The growl of a bear differs greatly under varying circumstances. There is the playful growl, uttered when two individuals are wrestling, and the terrible “sound”—no word expresses it—to which a bear, cornered and driven to the last extremity, gives utterance—fear, hate, dread, and awful passion mingled and expressed in sound. One can realise the fearful terror which this inspires only when one has, as I have, stood up to a mad bear, repelling charge after charge, with only an iron pike between one’s self and those powerful fangs and claws. The long-drawn moan of a polar bear on a frosty night is another phase; this, too, is expressive, but only of those wonderful Arctic scenes where night and day are as one to this great seal-hunter.

The dog has made man his god,—giving up his life for his master would be but part of his way of showing his love if he had it in his power to do more. So, too, the dog has attempted to adapt his speech to his master’s, and the result is a bark. No wild coyotes or wolves bark, but when bands of dogs descended from domesticated animals run wild, their howls are modulated and a certain unmistakable barking quality imparted. The drawn-out howl of a great gray wolf is an impressive sound and one never to be forgotten. Only the fox seems to possess the ability to bark in its native tongue. The sounds which the cats, great and small, reproduce are most varied. Nothing can be much more intimidating than the roar of a lion, or more demoniacal than the arguments which our house-pets carry on at night on garden fences.

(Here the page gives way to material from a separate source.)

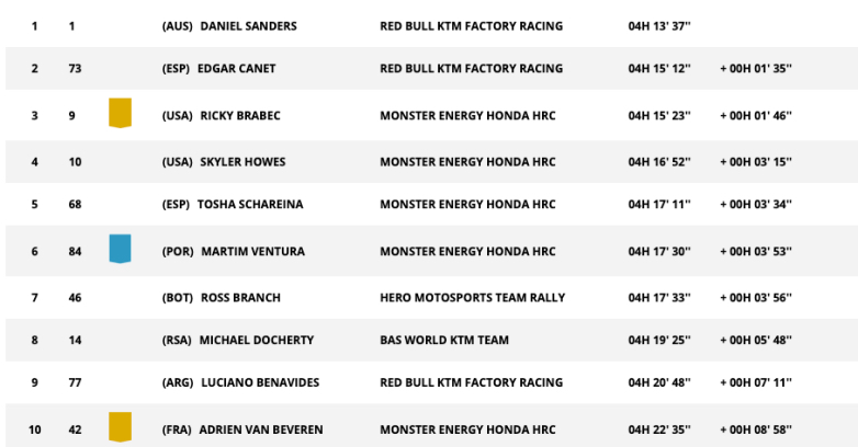 Πίσω από τους δύο αναβάτες της KTM, ο Ricky Brabec με την Honda σημείωσε τον 3ο καλύτερο χρόνο της ημέρας και παραμένει επίσης 3ος στη γενική, σε απόσταση 2’18’’ από τον πρωτοπόρο του αγώνα.

What use the sounds peculiar to sea-lions subserve in their life on the great ocean, or their haunts along the shore, can only be imagined, but surely such laudable perseverance, day after day, to out-utter each other, must be for some good reason!

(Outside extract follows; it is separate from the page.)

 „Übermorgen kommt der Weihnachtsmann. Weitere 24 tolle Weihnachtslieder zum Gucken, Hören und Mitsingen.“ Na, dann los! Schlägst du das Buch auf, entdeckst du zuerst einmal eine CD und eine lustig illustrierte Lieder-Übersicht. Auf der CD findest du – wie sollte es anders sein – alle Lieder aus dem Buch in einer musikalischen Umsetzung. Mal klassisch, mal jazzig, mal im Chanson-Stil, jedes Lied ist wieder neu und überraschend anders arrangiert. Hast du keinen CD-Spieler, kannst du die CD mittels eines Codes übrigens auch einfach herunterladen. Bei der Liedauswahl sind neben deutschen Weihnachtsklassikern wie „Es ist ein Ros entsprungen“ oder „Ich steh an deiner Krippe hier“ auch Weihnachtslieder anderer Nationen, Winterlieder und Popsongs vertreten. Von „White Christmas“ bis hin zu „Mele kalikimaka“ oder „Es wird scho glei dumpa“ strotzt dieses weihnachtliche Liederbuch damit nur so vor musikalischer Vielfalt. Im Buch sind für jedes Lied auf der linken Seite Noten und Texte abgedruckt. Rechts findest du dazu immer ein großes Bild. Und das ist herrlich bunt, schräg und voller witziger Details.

Volumes have been written concerning the voices of the two remaining groups of animals—monkeys and birds. In the great family of the four-handed folk, more varieties of sound are produced than would be thought possible. Some of the large baboons are awful in their vocalisations. Terrible agony or remorse is all that their moans suggest to us, no matter what frame of mind on the part of the baboon induces them. Of all vertebrates the tiny marmosets reproduce most exactly the chirps of crickets and similar insects, and to watch one of these little human faces, see its mouth open, and instead of, as seems natural, words issuing forth, to hear these shrill squeaks is most surprising. Young orang-utans, in their “talk,” as well as in their actions, are counterparts of human infants. The scream of frantic rage when a banana is offered and jerked away, the wheedling tone when the animal wishes to be comforted by the keeper on account of pain or bruise, and the sound of perfect contentment and happiness when petted by the keeper whom it learns to love,—all are almost indistinguishable from like utterances of a human child.

But how pitiless is the inevitable change of the next few years! Slowly the bones of the cranium thicken, partly filling up the brain cavity, and slowly but surely the ape loses all affection for those who take care of it. More and more morose and sullen it becomes until it reaches a stage of unchangeable ferocity and must be doomed to close confinement, never again to be handled or caressed.